Retail trading platform eToro announced it will delist most cryptocurrencies for U.S. customers as part of a settlement with the Securities and Exchange Commission (SEC).
Fine and Settlement Terms
The U.S. Securities and Exchange Commission (SEC) announced that eToro has agreed to pay a $1.5 million fine for operating an unregistered broker and clearing agency. According to the SEC, the company facilitated the trading of certain crypto assets deemed as securities since 2020.
eToro's Response
As part of the settlement, eToro will offer only a limited set of crypto assets in the U.S., including Bitcoin, Bitcoin Cash, and Ether. eToro informed its U.S. customers that they have 180 days to sell any holdings except the aforementioned assets. According to Yoni Assia, eToro's co-founder and CEO, 'the settlement terms will have minimal impact on our global business. Outside the U.S., eToro users will continue to have access to over 100 crypto assets.'
Ongoing Legal Disputes
This move highlights the ongoing legal battles between the SEC and crypto companies. The SEC claims that most cryptocurrency tokens are securities subject to its oversight. Many crypto companies disagree, accusing the regulator of excessive control.
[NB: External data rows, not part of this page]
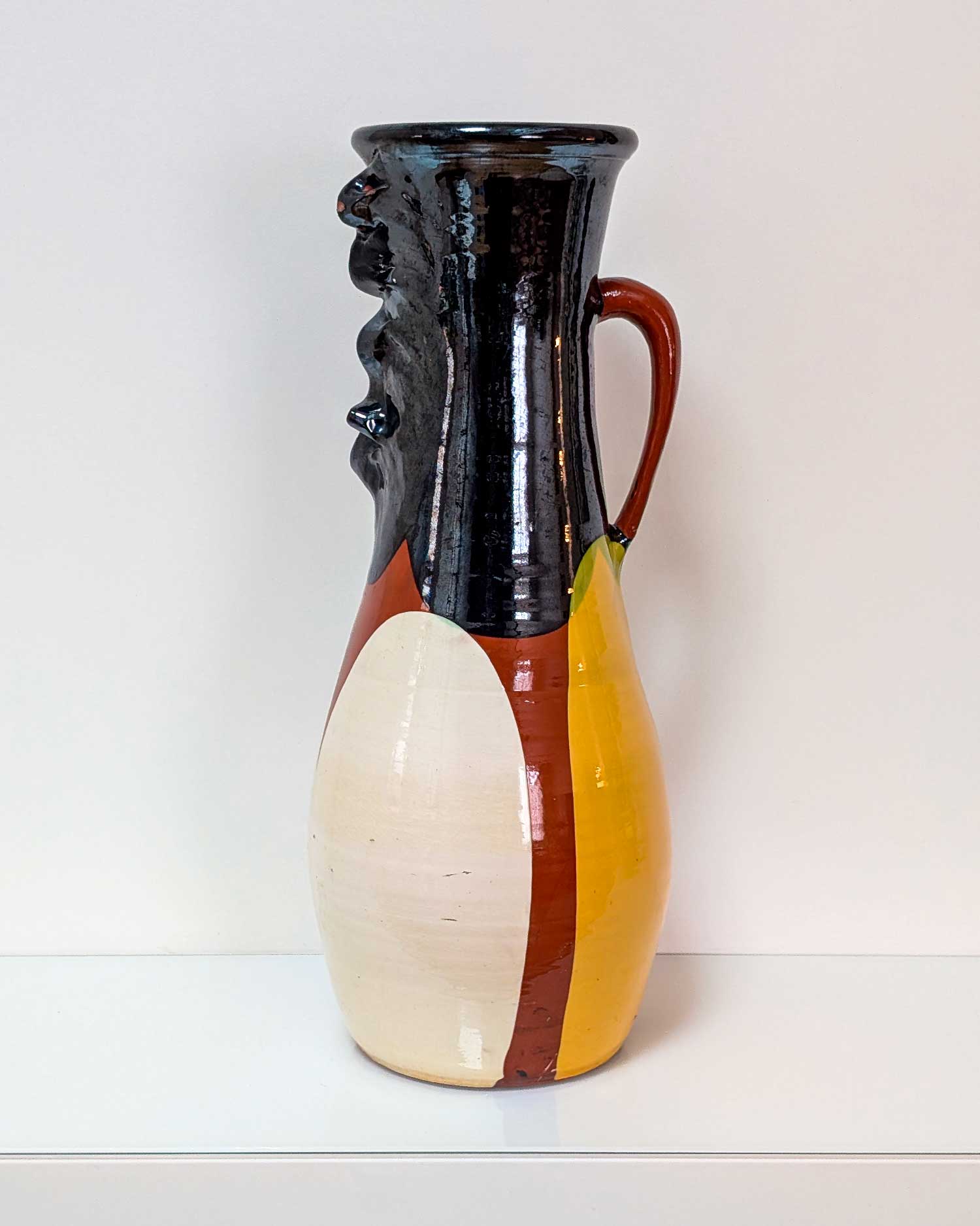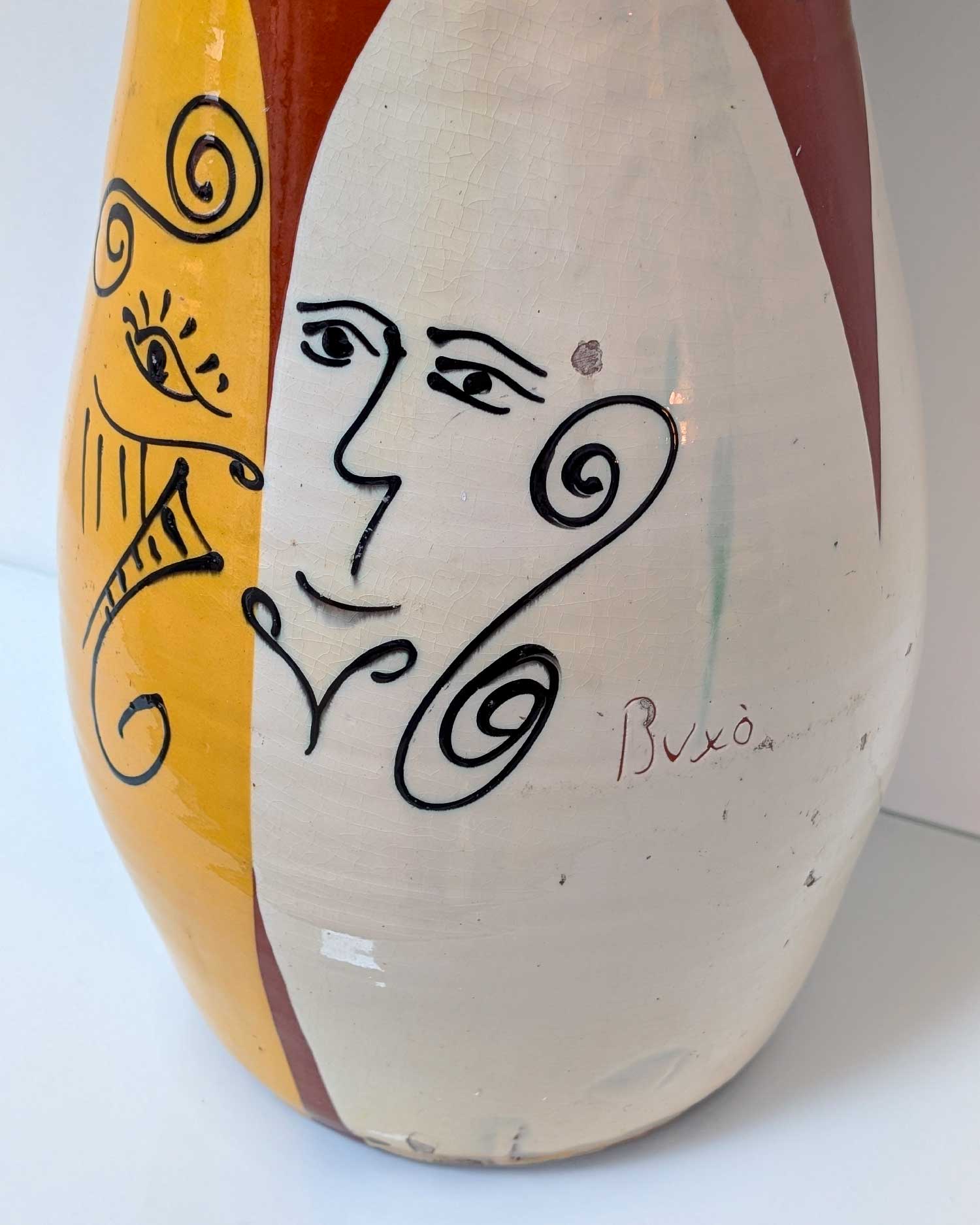 Signé Thomas Buxó, ce grand vase en céramique émaillée se distingue par ses proportions inhabituelles et par son décor expressif représentant un visage stylisé. Les émaux contrastés — noir, jaune, terracotta, vert et blanc cassé — renforcent sa présence et sa singularité.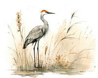 Eleganter Kranich - Dieses Gemälde zeigt einen anmutigen Kranich in einer friedlichen, natürlichen Umgebung aus Schilf und Wasser. Der Stil ist eher minimalistisch mit einem Hauch asiatischer Einflüsse, umhüllt von sanften Erdtönen und einigen auffälligen orangefarbenen Details.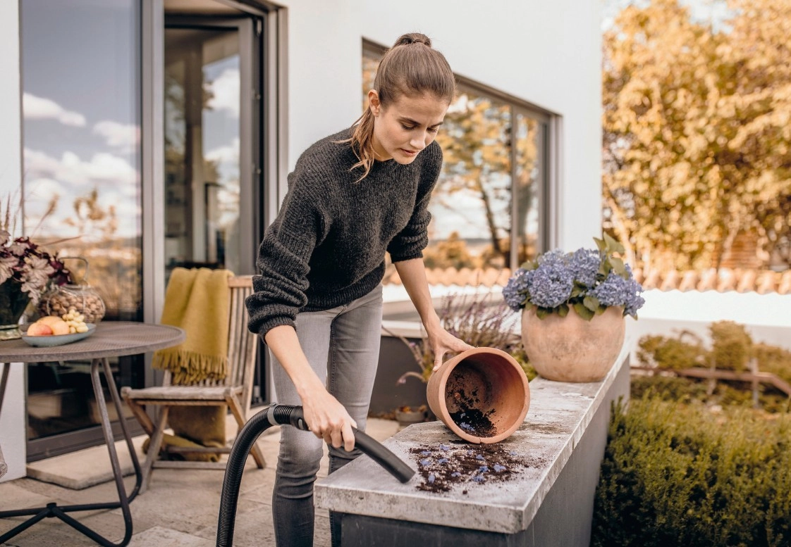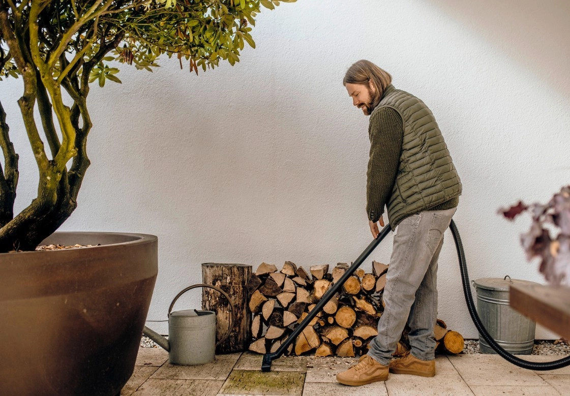 A kompakt felépítésnek, a 4 m-es tápkábelnek és a 2 m-es szívótömlőnek köszönhetően mindenhova elér, ahova szükséges. A praktikus tartók a fejekhez, a kábeltartó kampó és a tömlő készülékfejre akasztásának lehetősége helytakarékos és mindent kéznél tart. A fúvófunkció ott segít, ahol nem lehet porszívózni – például résekből a levelek és szennyeződések eltávolításánál.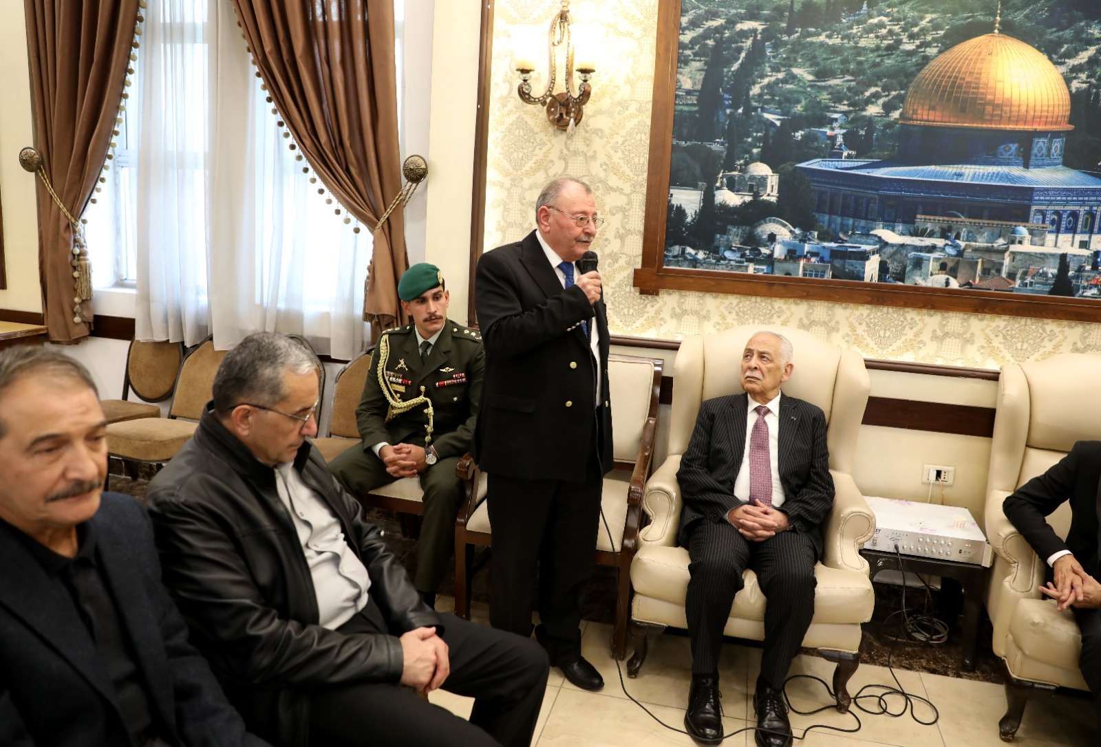 مندوبا عن جلالة الملك عبدالله الثاني وسمو الأمير الحسين بن عبدالله الثاني، ولي العهد، قدم رئيس الديوان الملكي الهاشمي يوسف حسن العيسوي، اليوم الأربعاء، واجب العزاء إلى عشائر القاضي والشرايعة/عباد والمجالي ومنّاع.
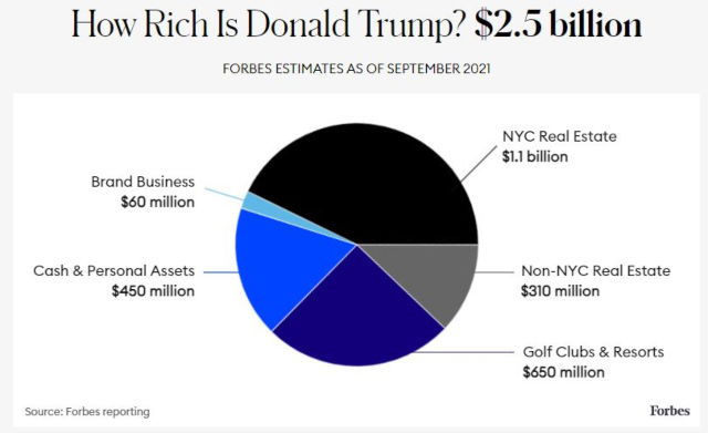 Forbes recently drew up a chart of where Trump’s wealth is and how much of it lies in those businesses.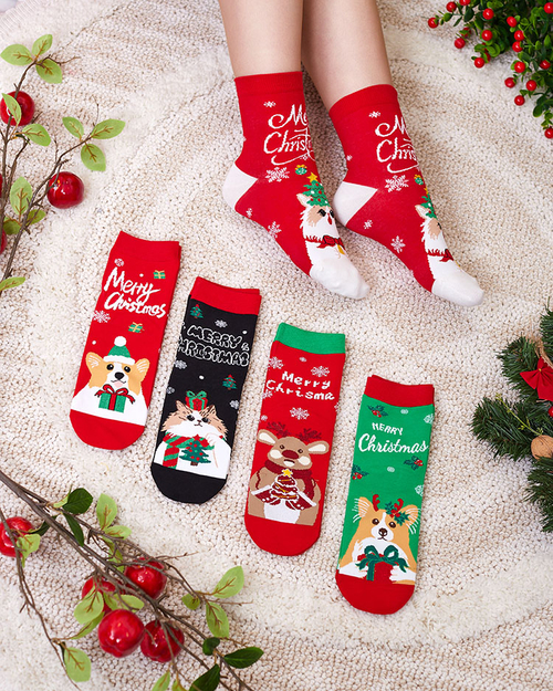 - Šiltos moteriškos kojinės iš medvilninio audinio kalėdiniu raštu. Kojinės puikiai tiks vėsesniems vakarams!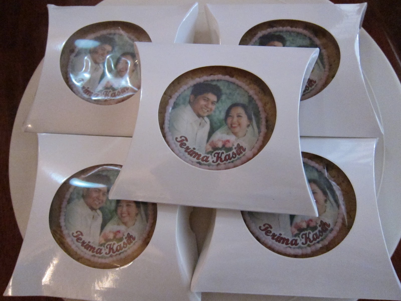 These chocolate chip cookies are decorated with edible image of the bride and groom, individually sealed and boxed. They are given out as wedding favors.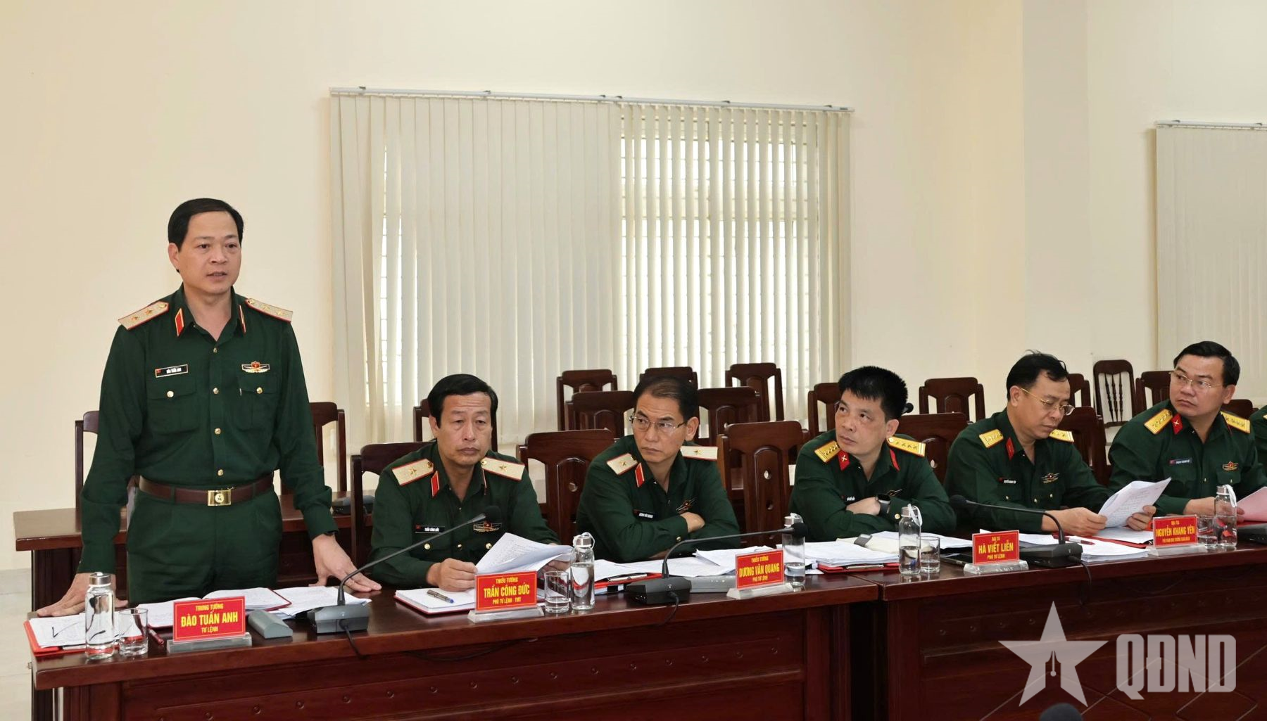 Trung tướng Đào Tuấn Anh, Tư lệnh Quân đoàn 34 phát biểu tại hội nghị.

It's also worth noting that the SEC is engaged in legal disputes with several crypto exchanges, such as Coinbase, Binance, and Kraken, which argue that crypto assets are not securities.
eToro's delisting of cryptocurrencies for U.S. customers and subsequent fine are part of the broader issue of legal uncertainty in the cryptocurrency space. Future court decisions are expected to shape the regulatory framework for crypto assets.